Globally, about 16% of disabling hearing loss in adults is due to occupational-related noise (3). Studies conducted in the United States revealed that about 33% of workers are potentially affected by occupational noise-induced hearing loss (9). In Canada, 35% of metal workshop workers experienced noise-induced hearing loss (10) and in Japan, 61.5% of participants experienced this problem (11). Noise-induced hearing loss due to excessive noise levels was high in different countries, for instance, it was 30.4% in Nepal (12), 35.0% in Jordan (13), and 38% in a study conducted in Saudi Arabia (14). Noise-induced hearing loss in Botswana accounts for 78% of all metal workshop workers (15).
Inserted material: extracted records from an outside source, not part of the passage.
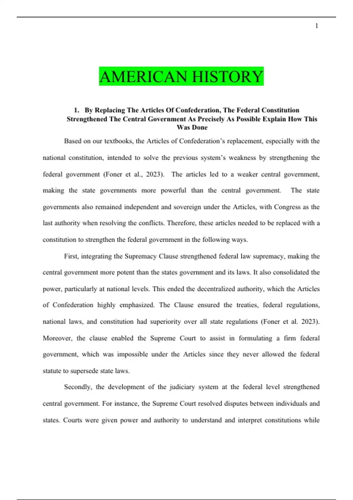 AMERICAN HISTORY 1. By Replacing The Articles Of Confederation, The Federal Constitution Strengthened The Central Government As Precisely As Possible Explain How This Was Done Based on our textbooks, the Articles of Confederation’s replacement, especially with the national constitution, intended to solve the previous system’s weakness by strengthening the federal government (Foner et al., 2023). The articles led to a weaker central government, making the state governments more powerful than the central government. The state governments also remained independent and sovereign under the Articles, with Congress as the last authority when resolving the conflicts. Therefore, these articles needed to be replaced with a constitution to strengthen the federal government in the following ways. First, integrating the Supremacy Clause strengthened federal law supremacy, making the central government more potent than the states government and its laws. It also consolidated the power, particularly at national levels. This ended the decentralized authority, which the Articles of Confederation highly emphasized. The Clause ensured the treaties, federal regulations, national laws, and constitution had superiority over all state regulations (Foner et al. 2023). Moreover, the clause enabled the Supreme Court to assist in formulating a firm federal government, which was impossible under the Articles since they never allowed the federal statute to supersede state laws. Secondly, the development of the judiciary system at the federal level strengthened central government. For instance, the Supreme Court resolved disputes between individuals and states. Courts were given power and authority to understand and interpret constitutions while ensuring supremacy and reinforcing national government functions and roles. Thirdly, a strong executive,
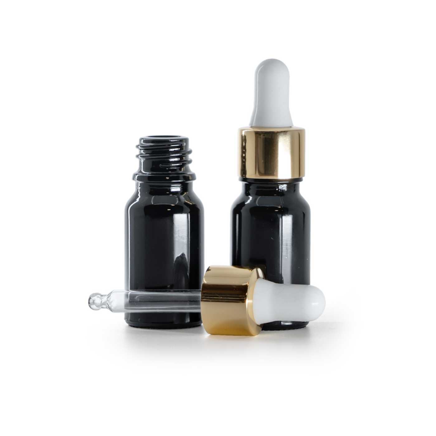 Fekete fényes üvegpalack, fehér-arany cseppentő egy professzionális csomagoló és adagoló készlet a folyékony készítmények pontos felviteléhez. Az átlátszatlan fekete üveg természetesen korlátozza a fény behatolását, és segít megvédeni a tartalmat az UV-sugaraktól, ami különösen hasznos az érzékenyebb hatóanyagoknak, kivonatoknak és olajkeverékeknek. A csomagolás élelmiszer-minőségű, ezért a higiéniai elvek betartása mellett belső használatra szánt, kiválasztott folyékony termékekhez is alkalmas.
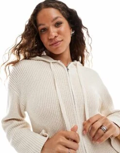 Monki Knitted Rib Hoodie Zip Up Cardigan In Light Beige For Women
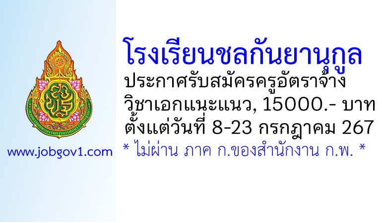 ประกาศโรงเรียนชลกันยานุกูล เรื่อง รับสมัครสอบคัดเลือกบุคคลเพื่อจ้างเป็นครูอัตราจ้าง

In Sudan, about 62.5, 10, and 12.5% of metal workers develop noise-induced hearing loss in the bilateral ear, right, and left ear, respectively (16). Hearing loss is the 4th main root cause of disability, with an estimated yearly cost of ≥750 billion dollars (17).
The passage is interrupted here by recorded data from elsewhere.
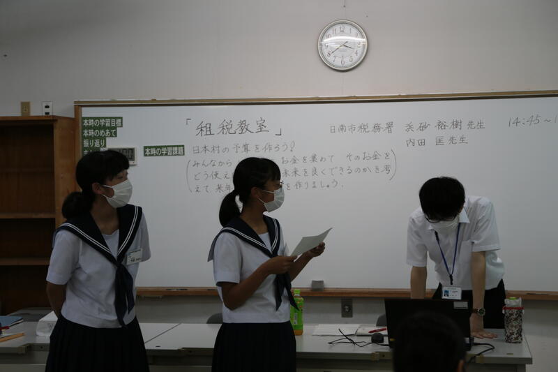 日南税務署からお二人の講師をお招きしました。税金の目的や財政の仕組みのお話を受けた後、架空の自治体「日本村」の予算編成に挑戦しました。予算を削減したり、増加させたりするとき、根拠を話し合うことで、納税の意味や財政と暮らしの関係などの気付きがあったようです。全班が自分たちの考えを発表できました。伝える態度、聞く態度、認め合う態度が素晴らしかったです。生徒代表守山さんの最後の挨拶は、講義のお礼はもちろん、納税者としての知識や意識の高まりなど、学びの深まりが伝わるものでした。
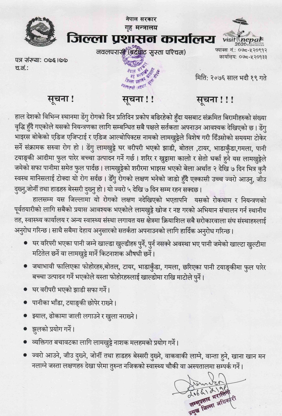 डेंगु रोगको प्रकोपबाट बच्ने सम्बन्धी सूचना
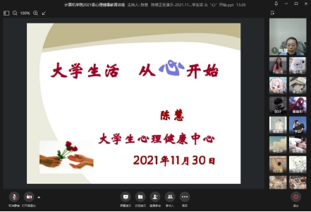 2021年11月30 日下午,开元集团官网入口2021级新生教育系列活动——心理健康讲座在企业微信群线上举行,开元官网大学生心理健康中心陈慧老师担任主讲,学院2021级全体本科新生参加。
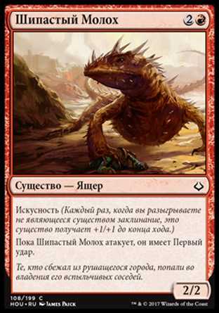 | Card Text | Prowess (Whenever you cast a noncreature spell, this creature gets +1/+1 until end of turn.) Thorned Moloch has first strike as long as it's attacking. |
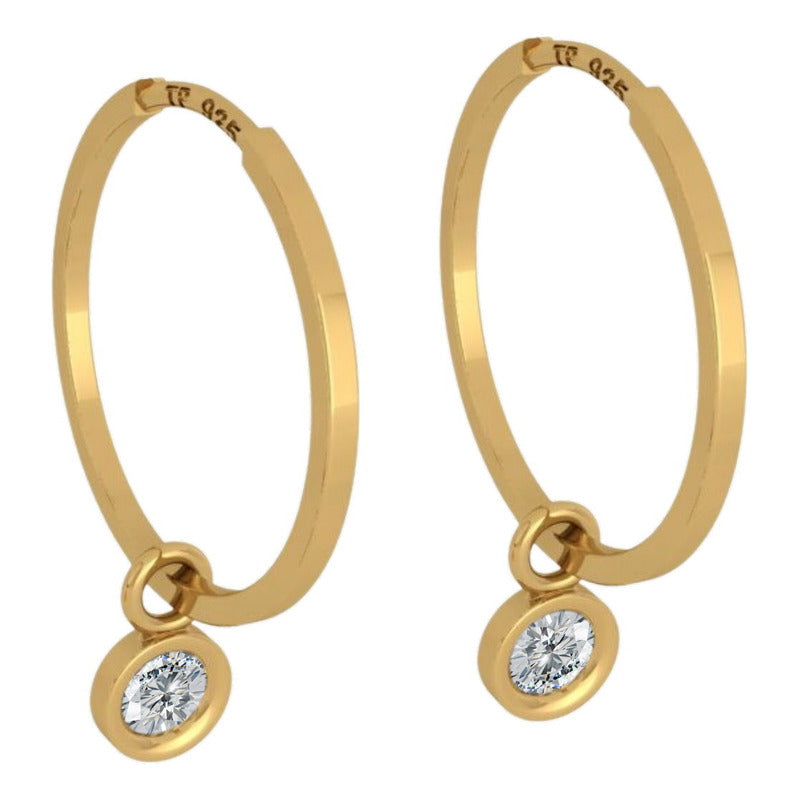 Brinco Argola Prata 925 Dourada 18k Ping Redondo- Zircônia
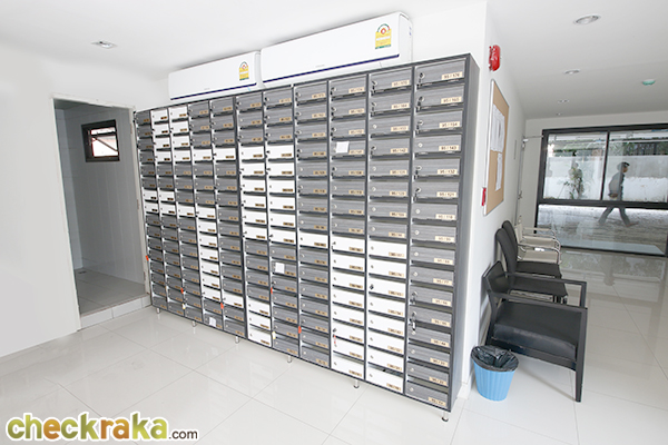 ตรงส่วนทางเข้าของรถยนต์นี้จะมีเจ้าหน้าที่รักษาความปลอดภัยตลอด 24 ชั่วโมง และมีไม้กั้นกระดก รวมถึง Access Card ค่ะ ส่วนที่จอดรถนั้นจะจอดที่ใต้อาคาร จอดได้เพียง 58 คัน (ไม่รวมซ้อนคัน) เข้ามาภายในอาคารแล้วจะเจอตู้รับจดหมายและชุดเก้าอี้สำหรับนั่งรอค่ะ ลิฟต์ของโครงการมีทั้งหมด 2 ตัว

Workplace noise exposure shows a significant financial and health impact on individuals and society levels (18, 19). It has also a major psychosocial impact on individuals' daily life. Furthermore, several studies showed that individuals with hearing loss are prone to social isolation, impaired communication with coworkers and family, decreased ability to monitor the work environment, decreased self-esteem, and loss of productivity (16, 20).

Based on previous studies, factors that are associated with hearing loss include occupational noise in the workplace (21), duration of exposure and intensity of working area noise level (22), cigarette smoking (23), age (24), the use of ototoxic medicines (e.g., aminoglycosides), head injury, and chronic ear infection (25, 26). Different studies revealed that minimizing working area noise levels, use of ear protective devices, and creating awareness about the consequence of hearing loss for employers were important means to minimize the risk of acquiring occupational noise-induced hearing loss (3, 27).

Nowadays, hearing loss due to industrialization is a main public health problem in Sub-Saharan Africa, particularly in Ethiopia (12). Although the number of metal workshops in Ethiopia have increased to meet the rising demand for different infrastructures, the level of occupational noise exposure is still not clear. Besides, studies showing the prevalence of hearing loss among metal workshop workers are scarce. Therefore, this study aimed to determine the prevalence of hearing loss and its associated factors among metal workers in Gondar city.

Materials and methods

Study setting, design, and period

A cross-sectional study was conducted among workers at a metal workshop in Gondar city from March to May 2021. Gondar is one of the historical cities in the country and is located in the Central Gondar Zone of the Amhara National Regional State. It is far around 750 km from Addis Ababa, the capital city of Ethiopia. Based on the Gondar city trade and industry office report, a total of 409 employees are found in 46 metal workshops.

Population

All metal factory workers at Gondar city were the source of population. All metal workshop workers who are presented in the study area during the study period were included in the study population.

Eligibility criteria

All adult metal workshop workers whose age is ≥18 years and working in the metal factory at least for 6 months were eligible to participate in the study.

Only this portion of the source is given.